ReVo - A Cross-Layer Reliable Volumetric Videoconferencing System

Abstract

The adoption of volumetric video for immersive applications is growing, driven by its support for six-degree-of-freedom (6-DoF) interaction. A major obstacle to its widespread use—particularly for real-time telepresence—is the challenge of streaming large data payloads over lossy networks without degrading the Quality of Experience (QoE).

To address this, we propose VoluStream, a novel framework for loss-resilient volumetric video streaming. Our system integrates a transport-layer strategy with an application-layer recovery engine. We first segregate frames into critical and non-critical sets; critical frames are sent via a reliable protocol, while non-critical ones are sent unreliably to minimize latency. Any resulting packet loss in the non-critical stream is handled by our Vision Transformer (ViT)-based recovery module, trained to restore both RGB and depth information.

The Challenge

Volumetric content (Point clouds, RGB-D, NeRFs) demands high storage and bandwidth. Existing works typically focus on:

Optimization: Improving encoder-decoder frameworks, which often neglects storage costs.
Compression: Designing neural compression frameworks that assume perfect network conditions.

However, networks are inherently lossy. Standard recovery methods like Retransmission (too slow for real-time) or Forward Error Correction (bandwidth heavy) are ill-suited for volumetric data. Furthermore, existing neural recovery methods (e.g., GRACE, REPARO) focus exclusively on 2D RGB video, failing to address the interdependency of Depth frames required for 3D reconstruction.

The VoluStream Approach

We propose a unified, hybrid framework that leverages the strengths of both transport and application layers.

Hybrid Transport: We characterize frames as “critical” or “non-critical.” Critical frames are sent over a reliable transport stream (TCP), while non-critical frames utilize an unreliable stream (QUIC over UDP) to minimize latency.
Neural Recovery: A novel ViT-based loss recovery module operates at the client side.
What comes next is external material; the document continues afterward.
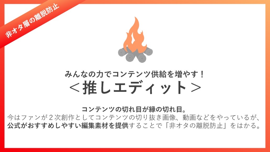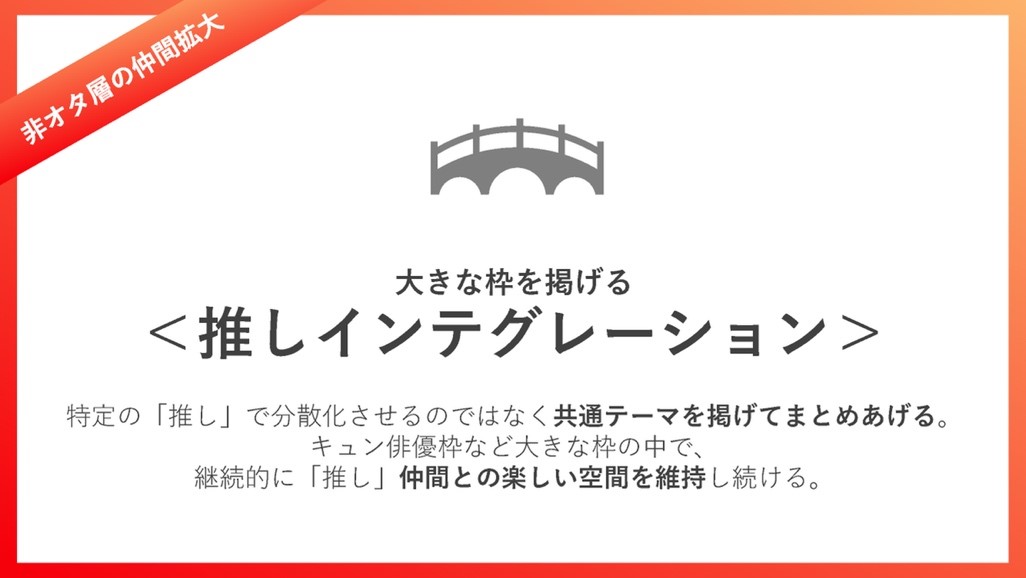 特定の推しにとどまらず、その枠を越えて束ねることで、楽しむ仲間の数を増やすわけですね。こういった、特定の推しだけで分散するのではなく、共通のテーマを掲げてまとめ、より多くの枠を掲げる「推しインテグレーション」を推進するのも一案でしょう。

It is specifically trained to reconstruct lost non-critical RGB and Depth frames, ensuring high fidelity even under packet loss.

Comparison of (a) RGB Reconstruction and (b) Depth Reconstruction under lossy network conditions.

System Architecture

Our prototype is built on a WebRTC system that achieves real-time performance (over 30 FPS) for videoconferencing applications. The architecture ensures that critical dependencies for 3D reconstruction are preserved while non-essential data is recovered neurally.

Key Contributions

First End-to-End System: To the best of our knowledge, VoluStream is the first system designed specifically for reliable volumetric video streaming.
Codec-Agnostic Recovery: A novel client-side neural framework that recovers corrupted RGB and Depth frames, compatible with existing compression codecs.
Real-Time Performance: A prototype WebRTC implementation demonstrating >30 FPS performance suitable for interactive videoconferencing.